• _Directions_
The answer must consist only of the lines in the records below from the line with "Now it's time" to the line with "比如这个人生K线的小程序,在", both included, copied word for word with every picture left out.
══ Exercise input ══
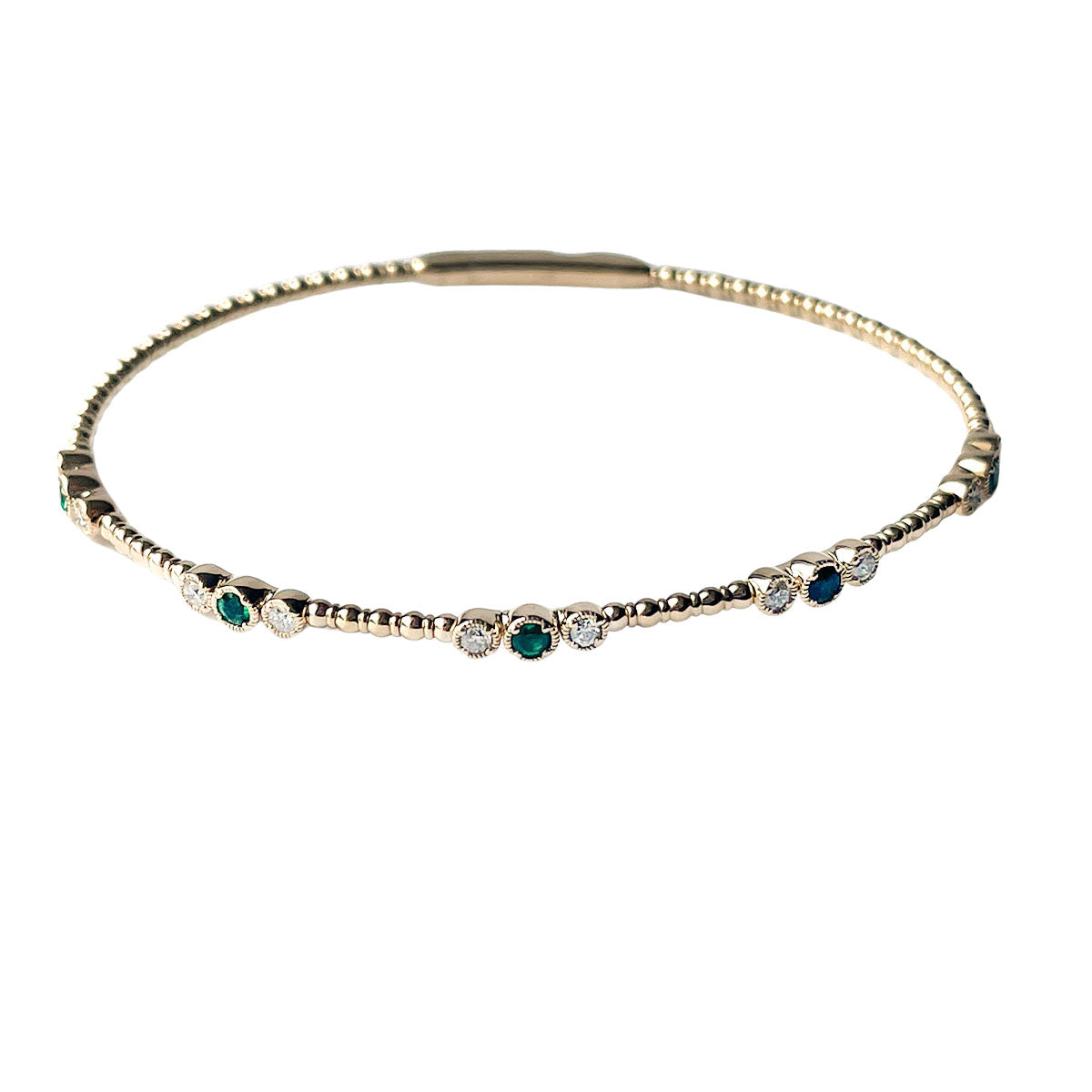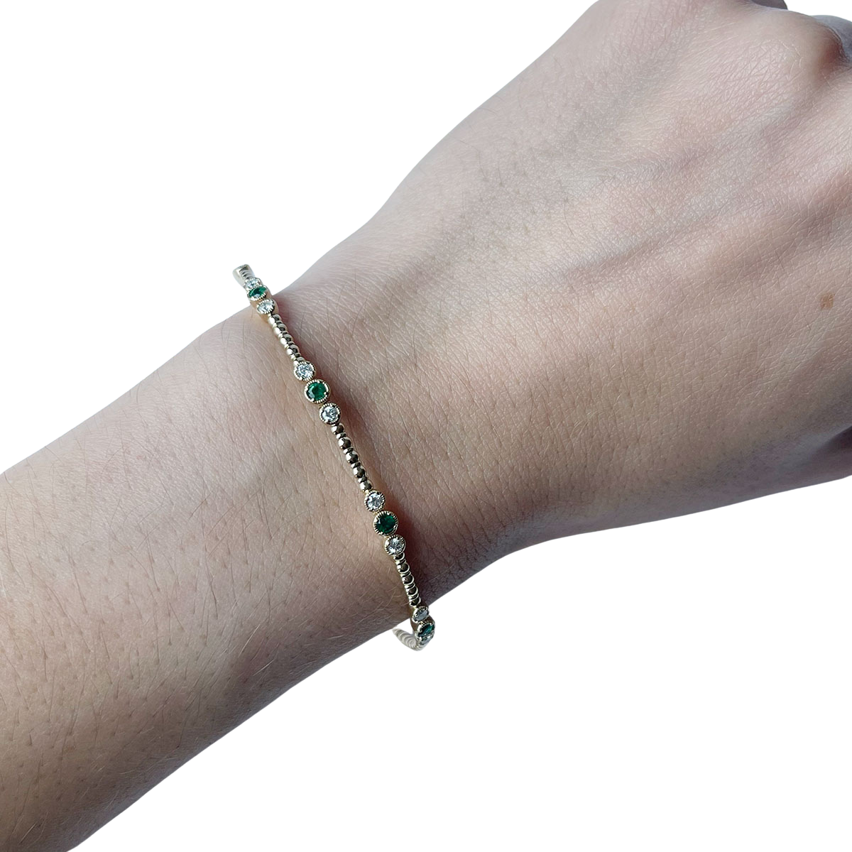 Pulsera flexible de oro amarillo 14k con grupos de esmeraldas 0.25ctw y diamantes 0.3ctw
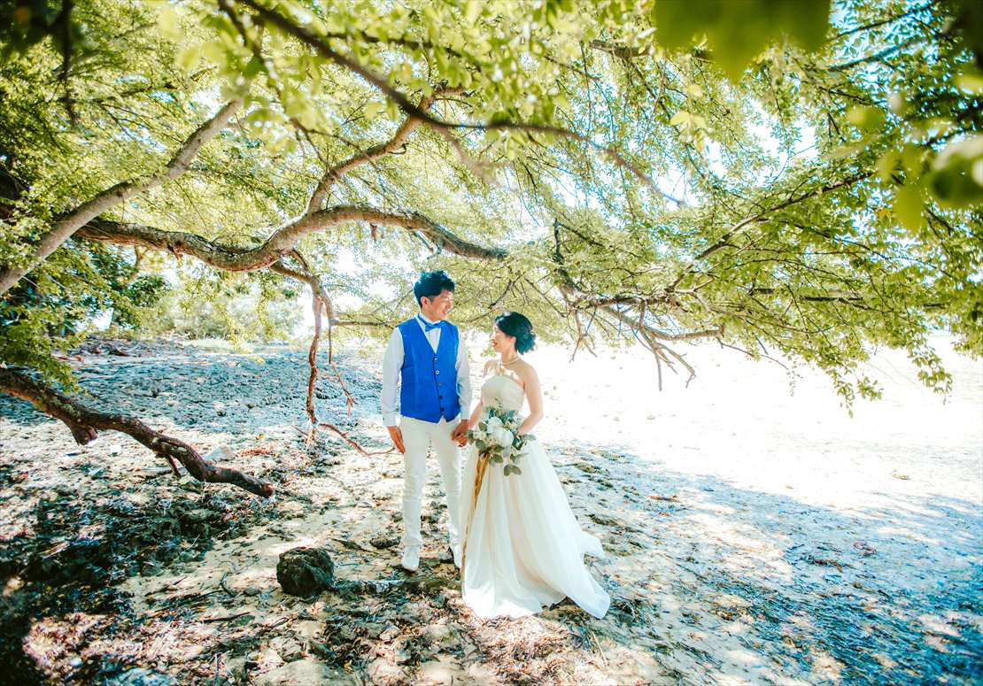 カオハガン島でのフォトウェディングの撮影プラン。90分撮影100カット納品のフォト・プランとなります。撮影シーンのご希望をいただければ、当社よりロケーションをご案内させていただくことも可能です。1ロケーション90分の間であれば複数の撮影場所・撮影ロケーション・撮影シーンのご指定が可能です。
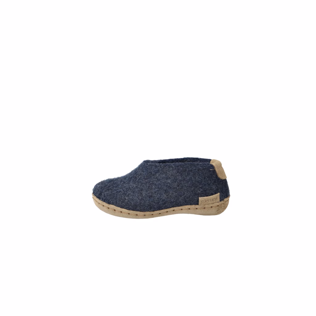 Our kids shoes/slippers are made of 100% pure, natural wool in the classic colour denim with a sole of soft and chrome-free calfskin. We started making slippers over 30 years ago - in fact, our founder Nanny Glerup made the first pair of slippers as a declaration of love to her husband Ove.
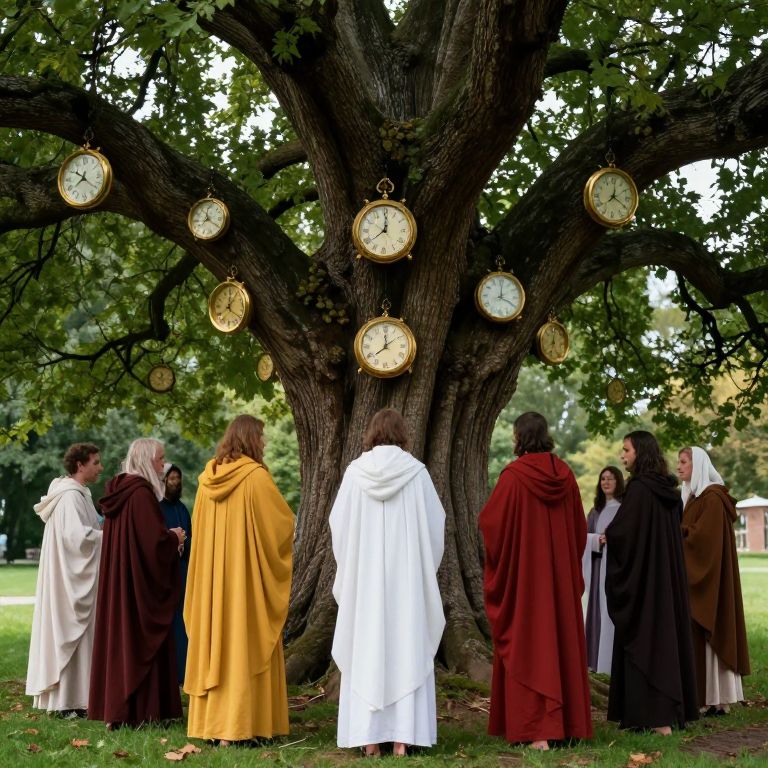 Ritual Beneath Clock-Adorned Tree
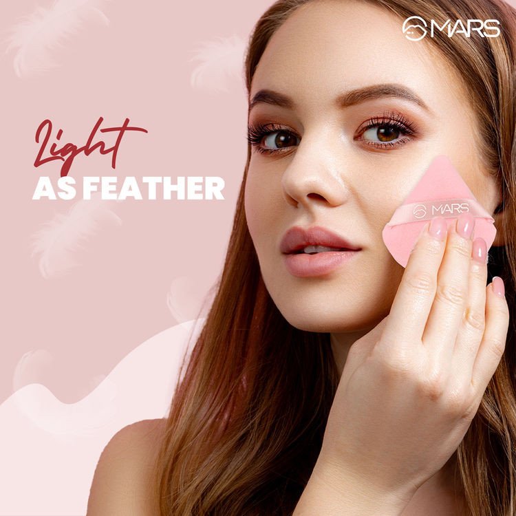 Then gently press and roll the puff onto your skin, starting from the center and moving outward.
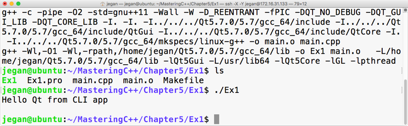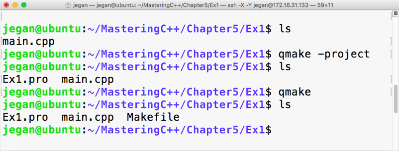 Now it's time to create Makefile taking Ex1.pro as an input file. As the Ex1.pro file is present in the current directory, we don't have to explicitly supply Ex1.pro as an input file to autogenerate Makefile. The idea is that once we have a .pro file, all we would need to do is generate Makefile from the .pro file issuing command: qmake. This will do all the magic of creating a full-blown Makefile for your project that you can use to build your project with the make utility, as shown in the following screenshot:
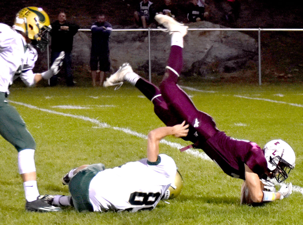 Edward Little High School’s Joshua Hamel, right, gets flipped upside down after attempting to make a catch in front of Oxford Hills’ Talon Mederios (89) during their game at Walton Field in Auburn last year. (Sun Journal file photo) A quick glance at the last decade of the Class A North rivalry between Edward Little […]
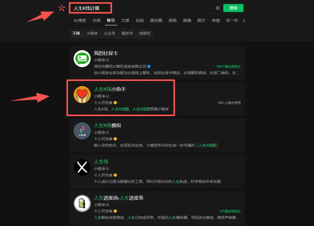 比如这个人生K线的小程序,在这种场景下,新出的词条就很有优势,并且因为信息传递的滞后性,会持续有长尾流量进入。
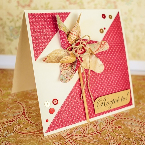 Roztoč to s větrníčkovým přáním laděným do tlumených červeno-okrovo-béžových tónech. Vytvořené pro přehlídku 3D přání s větrníčkovou aplikací
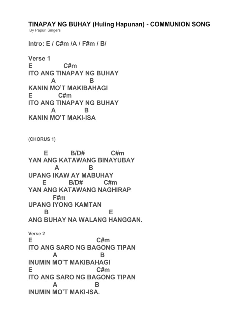 Huling hapunan tinapay ng buhay - lyrics i ito ang tinapay ng buhay kunin mo at ibahagi ito ang tinapay ng buhay kanin mot maki-isa chorus yan ang katawang ibinayubay upang ikaw ay mabuhay yan ang katawang naghirap upang iyong kamtan ang buhay na walang hanggan. Directed by Amalia Tandang. I-share I-share Mga Aral na.
═══
• _Your response_
 Now it's time to create Makefile taking Ex1.pro as an input file. As the Ex1.pro file is present in the current directory, we don't have to explicitly supply Ex1.pro as an input file to autogenerate Makefile. The idea is that once we have a .pro file, all we would need to do is generate Makefile from the .pro file issuing command: qmake. This will do all the magic of creating a full-blown Makefile for your project that you can use to build your project with the make utility, as shown in the following screenshot:
 Edward Little High School’s Joshua Hamel, right, gets flipped upside down after attempting to make a catch in front of Oxford Hills’ Talon Mederios (89) during their game at Walton Field in Auburn last year. (Sun Journal file photo) A quick glance at the last decade of the Class A North rivalry between Edward Little […]
 比如这个人生K线的小程序,在这种场景下,新出的词条就很有优势,并且因为信息传递的滞后性,会持续有长尾流量进入。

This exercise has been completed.